May 4 2019

The speed of BGP network propagation

At the end of March 2019 I did a talk at the INEX’s (Ireland’s biggest internet exchange point) Annual General Meeting. I was supposed to record it, however in a brief panic due to HDMI not working on my laptop I forgot to start a recording of it. Since people found it interesting I figured I would turn it into a blog post instead:

Intro side that is a rehash of a fast and furious poster with JunOS placed on a car

I spent so much time on this opening side that I feel the need to include it even if I’m not doing an introduction this time.

a long time ago... in a job a year back

So a long time ago… in a job fa- well a year back. We were dealing with the lovely routing design of anycast.

Anycast

For those who need a quick primer, it’s a routing design that allows you to do a more natural regional based load balancing, allowing you to put server clusters in different regions and serve traffic local to those regions without having to play tricks with DNS:

Many nodes on the map

This works by having all participating nodes announce the same IP prefixes globally, and with some careful routing tuning (mainly careful selection of upstream transit/peering providers) you can get good load balancing and latency results due to traffic being served more local to the visitor’s region.

Many nodes announcing the same IP prefix

Sadly, a lot of networks struggle to get consistent network announcements to work right, often resulting in totally backwards-from-logic routing:

Cat bowl based anycast routing

However even those networks that do get most regions down, regions like Asia are much harder to get to route correctly, partly due to local ISPs either dealing with overloaded links or their links not always following logical geographic points.

Two cats eating from the same bown, when one cat really should be eating from the other

The crux of the problem is ensuring your routing announcements are consistent over all regions and over almost all major interconnection ISPs (Tier 1’s)

Routing providers changing, but the AS_PATH staying the same length

In simple setups, this really just means you need to keep your AS_PATH’s as close to the same in all the regions and carriers you want to have routing control over.

all countries announcing the same AS_PATH

This basically just means you should be attempting to use the same providers and traffic engineering parameters in all regions, AS_PATH prepending being one of the more basic ones.

one country annoncing a shorter path than the rest, then bursting into flames

However, as systems get larger and more complex, eventually a mistake is going to be made.
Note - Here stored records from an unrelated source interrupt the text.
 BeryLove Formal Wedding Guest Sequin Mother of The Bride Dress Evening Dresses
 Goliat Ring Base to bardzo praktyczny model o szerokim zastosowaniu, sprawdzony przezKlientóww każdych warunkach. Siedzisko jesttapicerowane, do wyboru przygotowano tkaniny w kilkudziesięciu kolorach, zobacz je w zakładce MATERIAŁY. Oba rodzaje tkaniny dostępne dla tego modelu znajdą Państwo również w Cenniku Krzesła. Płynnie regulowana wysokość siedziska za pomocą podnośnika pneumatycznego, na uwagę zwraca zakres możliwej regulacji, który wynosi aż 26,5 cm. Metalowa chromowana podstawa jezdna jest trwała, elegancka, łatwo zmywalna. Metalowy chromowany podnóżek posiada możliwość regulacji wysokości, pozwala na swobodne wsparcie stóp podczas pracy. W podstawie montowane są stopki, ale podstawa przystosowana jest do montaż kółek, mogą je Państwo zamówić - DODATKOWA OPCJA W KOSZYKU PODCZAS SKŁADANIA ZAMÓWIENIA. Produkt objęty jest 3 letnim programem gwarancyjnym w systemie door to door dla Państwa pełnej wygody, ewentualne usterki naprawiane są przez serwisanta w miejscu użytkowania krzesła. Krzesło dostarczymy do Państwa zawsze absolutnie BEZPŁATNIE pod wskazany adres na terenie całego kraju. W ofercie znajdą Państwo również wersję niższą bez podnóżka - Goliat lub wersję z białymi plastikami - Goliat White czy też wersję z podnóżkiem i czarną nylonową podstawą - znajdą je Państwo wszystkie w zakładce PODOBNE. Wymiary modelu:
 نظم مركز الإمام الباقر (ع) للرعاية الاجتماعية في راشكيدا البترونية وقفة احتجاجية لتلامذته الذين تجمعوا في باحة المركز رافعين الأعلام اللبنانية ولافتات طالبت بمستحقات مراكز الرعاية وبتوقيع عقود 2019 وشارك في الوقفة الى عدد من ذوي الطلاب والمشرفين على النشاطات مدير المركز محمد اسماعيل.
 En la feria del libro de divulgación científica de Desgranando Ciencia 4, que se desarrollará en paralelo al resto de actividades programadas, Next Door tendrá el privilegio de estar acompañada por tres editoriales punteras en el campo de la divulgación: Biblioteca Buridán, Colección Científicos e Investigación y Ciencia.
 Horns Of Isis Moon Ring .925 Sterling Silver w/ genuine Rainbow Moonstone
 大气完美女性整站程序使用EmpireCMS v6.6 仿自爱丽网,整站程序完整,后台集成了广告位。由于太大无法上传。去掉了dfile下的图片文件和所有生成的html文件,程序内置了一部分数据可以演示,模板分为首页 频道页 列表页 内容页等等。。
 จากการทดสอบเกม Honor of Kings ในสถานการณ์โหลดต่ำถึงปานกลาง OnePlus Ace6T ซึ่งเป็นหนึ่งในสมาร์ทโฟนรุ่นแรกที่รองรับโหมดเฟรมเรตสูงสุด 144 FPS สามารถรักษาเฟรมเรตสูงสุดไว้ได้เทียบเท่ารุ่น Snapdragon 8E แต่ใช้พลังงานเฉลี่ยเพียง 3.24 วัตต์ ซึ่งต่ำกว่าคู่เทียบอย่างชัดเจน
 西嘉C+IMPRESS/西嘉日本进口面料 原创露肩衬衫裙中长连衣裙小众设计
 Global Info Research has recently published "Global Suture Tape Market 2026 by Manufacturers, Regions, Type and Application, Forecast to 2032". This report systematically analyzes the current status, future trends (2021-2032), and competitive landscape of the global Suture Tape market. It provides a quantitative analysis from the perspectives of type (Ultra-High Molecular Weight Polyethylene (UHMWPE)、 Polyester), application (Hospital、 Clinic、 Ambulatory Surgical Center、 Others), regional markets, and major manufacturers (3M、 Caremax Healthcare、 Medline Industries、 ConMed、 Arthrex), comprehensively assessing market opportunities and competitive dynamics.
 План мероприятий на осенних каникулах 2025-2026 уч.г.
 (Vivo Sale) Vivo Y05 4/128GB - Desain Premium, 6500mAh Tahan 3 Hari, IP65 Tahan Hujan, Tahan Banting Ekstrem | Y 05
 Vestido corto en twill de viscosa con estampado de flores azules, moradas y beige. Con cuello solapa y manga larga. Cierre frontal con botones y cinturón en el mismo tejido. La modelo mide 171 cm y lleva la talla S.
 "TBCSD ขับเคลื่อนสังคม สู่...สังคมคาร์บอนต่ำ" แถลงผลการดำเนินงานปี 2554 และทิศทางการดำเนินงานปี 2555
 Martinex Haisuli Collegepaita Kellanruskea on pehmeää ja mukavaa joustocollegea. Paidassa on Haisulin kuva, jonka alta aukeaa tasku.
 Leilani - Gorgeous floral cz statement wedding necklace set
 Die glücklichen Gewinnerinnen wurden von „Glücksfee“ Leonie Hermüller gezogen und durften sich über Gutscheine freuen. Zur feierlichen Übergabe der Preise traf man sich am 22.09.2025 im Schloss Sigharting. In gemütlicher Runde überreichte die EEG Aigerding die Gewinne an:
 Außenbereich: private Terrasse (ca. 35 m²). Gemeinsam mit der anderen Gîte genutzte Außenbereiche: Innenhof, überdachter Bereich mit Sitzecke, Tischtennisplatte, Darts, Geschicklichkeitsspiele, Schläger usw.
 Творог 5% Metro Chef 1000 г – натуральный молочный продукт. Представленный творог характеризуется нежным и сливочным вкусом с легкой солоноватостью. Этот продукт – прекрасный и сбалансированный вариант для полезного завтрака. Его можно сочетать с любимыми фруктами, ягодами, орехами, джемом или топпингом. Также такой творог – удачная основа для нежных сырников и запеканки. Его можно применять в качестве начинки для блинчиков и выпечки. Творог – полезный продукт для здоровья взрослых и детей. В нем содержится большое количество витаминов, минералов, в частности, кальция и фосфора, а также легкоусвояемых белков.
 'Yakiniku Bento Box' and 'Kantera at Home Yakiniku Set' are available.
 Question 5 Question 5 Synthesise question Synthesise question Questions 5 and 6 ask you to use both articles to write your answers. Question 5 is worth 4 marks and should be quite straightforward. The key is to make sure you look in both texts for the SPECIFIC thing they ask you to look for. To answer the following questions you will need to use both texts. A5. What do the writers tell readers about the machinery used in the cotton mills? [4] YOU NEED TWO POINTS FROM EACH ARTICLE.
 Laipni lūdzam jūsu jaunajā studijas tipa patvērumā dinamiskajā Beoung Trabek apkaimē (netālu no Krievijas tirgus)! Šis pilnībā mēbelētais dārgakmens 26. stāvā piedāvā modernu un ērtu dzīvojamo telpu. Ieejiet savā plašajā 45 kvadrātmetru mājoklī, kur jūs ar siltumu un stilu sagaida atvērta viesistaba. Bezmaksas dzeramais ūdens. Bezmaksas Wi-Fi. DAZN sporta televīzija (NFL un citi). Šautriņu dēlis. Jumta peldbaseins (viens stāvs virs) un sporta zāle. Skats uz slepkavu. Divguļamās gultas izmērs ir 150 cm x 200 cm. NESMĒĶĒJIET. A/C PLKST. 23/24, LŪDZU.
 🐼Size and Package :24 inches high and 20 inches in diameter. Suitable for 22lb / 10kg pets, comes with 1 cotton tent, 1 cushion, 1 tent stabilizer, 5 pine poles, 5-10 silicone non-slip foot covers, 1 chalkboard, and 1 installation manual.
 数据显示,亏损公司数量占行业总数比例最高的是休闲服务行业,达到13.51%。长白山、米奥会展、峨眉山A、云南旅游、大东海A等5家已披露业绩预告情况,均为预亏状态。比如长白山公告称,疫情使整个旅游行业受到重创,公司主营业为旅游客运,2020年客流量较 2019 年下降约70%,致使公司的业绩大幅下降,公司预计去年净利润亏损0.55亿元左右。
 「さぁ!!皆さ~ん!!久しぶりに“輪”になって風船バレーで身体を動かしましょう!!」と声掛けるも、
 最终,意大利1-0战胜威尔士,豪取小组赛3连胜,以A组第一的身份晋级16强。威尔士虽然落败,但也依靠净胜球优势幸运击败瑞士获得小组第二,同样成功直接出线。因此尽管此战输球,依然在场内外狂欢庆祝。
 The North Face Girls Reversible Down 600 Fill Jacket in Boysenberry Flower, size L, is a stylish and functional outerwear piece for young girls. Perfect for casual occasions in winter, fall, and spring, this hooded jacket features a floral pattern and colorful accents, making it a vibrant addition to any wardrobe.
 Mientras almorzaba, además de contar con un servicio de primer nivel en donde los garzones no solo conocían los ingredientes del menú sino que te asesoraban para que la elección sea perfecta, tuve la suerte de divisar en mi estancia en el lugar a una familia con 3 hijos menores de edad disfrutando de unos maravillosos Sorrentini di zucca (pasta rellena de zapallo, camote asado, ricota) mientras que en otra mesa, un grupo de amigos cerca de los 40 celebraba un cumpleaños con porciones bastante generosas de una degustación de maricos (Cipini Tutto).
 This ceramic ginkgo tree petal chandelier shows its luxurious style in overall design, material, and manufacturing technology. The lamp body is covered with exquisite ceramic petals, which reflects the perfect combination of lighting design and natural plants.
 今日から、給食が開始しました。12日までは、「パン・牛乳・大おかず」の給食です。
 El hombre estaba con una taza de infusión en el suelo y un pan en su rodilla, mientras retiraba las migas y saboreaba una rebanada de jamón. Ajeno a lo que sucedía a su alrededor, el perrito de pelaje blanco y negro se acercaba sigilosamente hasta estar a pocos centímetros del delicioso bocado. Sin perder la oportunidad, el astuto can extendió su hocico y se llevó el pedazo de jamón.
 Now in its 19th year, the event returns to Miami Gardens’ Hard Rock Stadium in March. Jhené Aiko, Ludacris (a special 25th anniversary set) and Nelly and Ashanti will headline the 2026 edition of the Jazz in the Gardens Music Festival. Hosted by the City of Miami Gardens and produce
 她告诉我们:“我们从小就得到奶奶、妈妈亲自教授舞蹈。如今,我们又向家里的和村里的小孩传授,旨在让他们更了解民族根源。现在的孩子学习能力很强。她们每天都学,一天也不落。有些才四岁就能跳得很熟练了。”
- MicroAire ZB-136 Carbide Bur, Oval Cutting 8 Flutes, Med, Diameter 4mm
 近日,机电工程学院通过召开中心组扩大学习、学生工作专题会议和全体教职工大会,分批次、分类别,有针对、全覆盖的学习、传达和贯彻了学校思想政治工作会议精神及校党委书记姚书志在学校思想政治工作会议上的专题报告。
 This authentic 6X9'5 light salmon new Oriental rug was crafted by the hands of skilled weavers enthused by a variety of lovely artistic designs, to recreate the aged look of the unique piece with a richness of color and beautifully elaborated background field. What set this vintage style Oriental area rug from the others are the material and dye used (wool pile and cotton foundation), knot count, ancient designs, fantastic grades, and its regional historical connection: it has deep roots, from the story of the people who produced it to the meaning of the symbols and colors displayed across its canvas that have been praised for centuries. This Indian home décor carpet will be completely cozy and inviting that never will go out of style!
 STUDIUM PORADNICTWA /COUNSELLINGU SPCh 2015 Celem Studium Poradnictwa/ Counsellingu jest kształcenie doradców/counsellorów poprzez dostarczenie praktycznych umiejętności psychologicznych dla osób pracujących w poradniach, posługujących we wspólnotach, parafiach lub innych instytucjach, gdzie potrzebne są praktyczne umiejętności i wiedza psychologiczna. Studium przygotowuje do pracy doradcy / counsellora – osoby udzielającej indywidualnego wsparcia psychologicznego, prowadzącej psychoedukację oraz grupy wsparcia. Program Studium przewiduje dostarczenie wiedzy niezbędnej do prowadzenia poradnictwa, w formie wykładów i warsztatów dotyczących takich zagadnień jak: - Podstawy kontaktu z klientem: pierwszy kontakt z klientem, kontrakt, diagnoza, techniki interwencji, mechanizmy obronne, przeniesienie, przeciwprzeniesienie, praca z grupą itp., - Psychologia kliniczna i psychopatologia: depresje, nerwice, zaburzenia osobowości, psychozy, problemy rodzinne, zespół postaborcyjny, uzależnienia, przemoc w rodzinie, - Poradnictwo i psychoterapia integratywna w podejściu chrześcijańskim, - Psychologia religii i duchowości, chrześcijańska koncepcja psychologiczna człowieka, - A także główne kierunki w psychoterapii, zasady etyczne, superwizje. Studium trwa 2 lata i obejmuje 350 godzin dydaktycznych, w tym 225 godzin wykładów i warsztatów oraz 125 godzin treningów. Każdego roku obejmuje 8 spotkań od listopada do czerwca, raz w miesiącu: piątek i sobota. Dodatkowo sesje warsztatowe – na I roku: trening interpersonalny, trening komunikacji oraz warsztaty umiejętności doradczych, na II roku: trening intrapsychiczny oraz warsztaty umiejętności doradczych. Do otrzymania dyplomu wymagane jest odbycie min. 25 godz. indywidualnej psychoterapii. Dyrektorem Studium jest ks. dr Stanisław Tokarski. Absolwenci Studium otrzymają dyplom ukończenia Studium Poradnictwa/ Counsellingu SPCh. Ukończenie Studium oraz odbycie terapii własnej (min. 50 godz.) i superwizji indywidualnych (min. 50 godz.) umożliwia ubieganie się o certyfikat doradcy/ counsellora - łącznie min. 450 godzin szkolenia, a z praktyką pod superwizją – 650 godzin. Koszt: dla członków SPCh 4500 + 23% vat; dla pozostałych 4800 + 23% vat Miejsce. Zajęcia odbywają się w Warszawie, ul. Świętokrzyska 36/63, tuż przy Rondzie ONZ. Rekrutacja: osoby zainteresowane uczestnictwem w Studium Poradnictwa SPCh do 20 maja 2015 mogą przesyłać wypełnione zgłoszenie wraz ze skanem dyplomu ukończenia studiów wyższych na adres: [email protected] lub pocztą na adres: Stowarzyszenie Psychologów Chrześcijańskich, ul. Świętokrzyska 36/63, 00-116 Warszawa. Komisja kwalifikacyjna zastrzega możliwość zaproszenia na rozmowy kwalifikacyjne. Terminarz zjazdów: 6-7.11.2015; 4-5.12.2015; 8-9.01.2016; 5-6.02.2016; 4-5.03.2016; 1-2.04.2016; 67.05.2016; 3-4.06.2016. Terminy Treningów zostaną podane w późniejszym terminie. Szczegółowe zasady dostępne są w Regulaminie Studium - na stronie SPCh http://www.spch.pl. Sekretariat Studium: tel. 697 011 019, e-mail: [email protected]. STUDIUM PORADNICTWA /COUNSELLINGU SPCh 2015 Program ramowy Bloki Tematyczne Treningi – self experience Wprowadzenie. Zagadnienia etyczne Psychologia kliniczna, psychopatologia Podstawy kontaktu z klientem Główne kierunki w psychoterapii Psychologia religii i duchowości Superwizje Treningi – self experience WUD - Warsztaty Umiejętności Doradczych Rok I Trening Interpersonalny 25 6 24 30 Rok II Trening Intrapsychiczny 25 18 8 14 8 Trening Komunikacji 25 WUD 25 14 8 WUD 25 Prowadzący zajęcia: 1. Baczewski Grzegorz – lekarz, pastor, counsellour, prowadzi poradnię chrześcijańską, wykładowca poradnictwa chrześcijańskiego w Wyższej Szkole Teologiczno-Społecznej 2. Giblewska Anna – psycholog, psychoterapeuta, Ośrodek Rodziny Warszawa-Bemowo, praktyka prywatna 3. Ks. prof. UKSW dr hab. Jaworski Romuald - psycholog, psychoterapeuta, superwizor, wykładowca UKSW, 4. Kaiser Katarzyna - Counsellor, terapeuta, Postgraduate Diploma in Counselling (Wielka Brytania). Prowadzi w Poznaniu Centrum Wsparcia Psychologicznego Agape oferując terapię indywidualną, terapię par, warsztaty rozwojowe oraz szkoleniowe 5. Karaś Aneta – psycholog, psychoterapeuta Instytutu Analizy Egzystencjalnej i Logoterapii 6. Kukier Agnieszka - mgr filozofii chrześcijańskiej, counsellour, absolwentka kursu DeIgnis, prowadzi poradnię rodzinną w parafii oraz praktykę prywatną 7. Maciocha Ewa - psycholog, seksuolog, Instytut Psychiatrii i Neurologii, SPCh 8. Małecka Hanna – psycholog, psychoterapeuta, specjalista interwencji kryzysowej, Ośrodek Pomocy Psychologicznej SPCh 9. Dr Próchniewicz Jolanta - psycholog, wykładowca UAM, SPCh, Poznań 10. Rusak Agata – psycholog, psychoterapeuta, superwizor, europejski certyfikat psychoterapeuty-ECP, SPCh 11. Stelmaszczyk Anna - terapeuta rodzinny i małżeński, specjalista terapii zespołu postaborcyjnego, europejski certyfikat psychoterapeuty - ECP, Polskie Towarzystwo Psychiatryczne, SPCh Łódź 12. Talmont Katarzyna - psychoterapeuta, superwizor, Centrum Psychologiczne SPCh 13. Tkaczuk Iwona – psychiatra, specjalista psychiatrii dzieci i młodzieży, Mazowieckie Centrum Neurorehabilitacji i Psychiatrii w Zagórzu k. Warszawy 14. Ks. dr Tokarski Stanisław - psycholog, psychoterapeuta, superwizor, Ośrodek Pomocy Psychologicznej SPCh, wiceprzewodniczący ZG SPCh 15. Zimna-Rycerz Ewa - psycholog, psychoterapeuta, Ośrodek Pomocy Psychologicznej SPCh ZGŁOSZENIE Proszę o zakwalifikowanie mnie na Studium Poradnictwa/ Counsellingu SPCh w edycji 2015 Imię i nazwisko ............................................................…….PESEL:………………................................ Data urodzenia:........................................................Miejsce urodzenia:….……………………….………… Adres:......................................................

In the case of the job, a configuration misunderstanding during maintenance of a router caused it to drop a traffic engineering prepend. This caused a huge traffic shift globally towards this router, and almost instantly overloading the site.

This was a regrettable incident, and it became clear that while the traffic engineering prepend was useful in the past, at that point in the network it was more of a liability than a useful tool. So it was time to remove it.

But what if we were to make the same mistake again? This time we are changing a lot more router configuration at once. It’s worth thinking about failure modes here. There are two ways the change could fail:

one country announcing a longer AS_PATH than the rest, causing traffic to move away

The first one being that the change applies to a large percentage of the routers over the network, but some of them fail. This would cause traffic to mostly shift away from those locations and head to other nearby sites. As long as not too many sites have this issue, this is the best way it can fail.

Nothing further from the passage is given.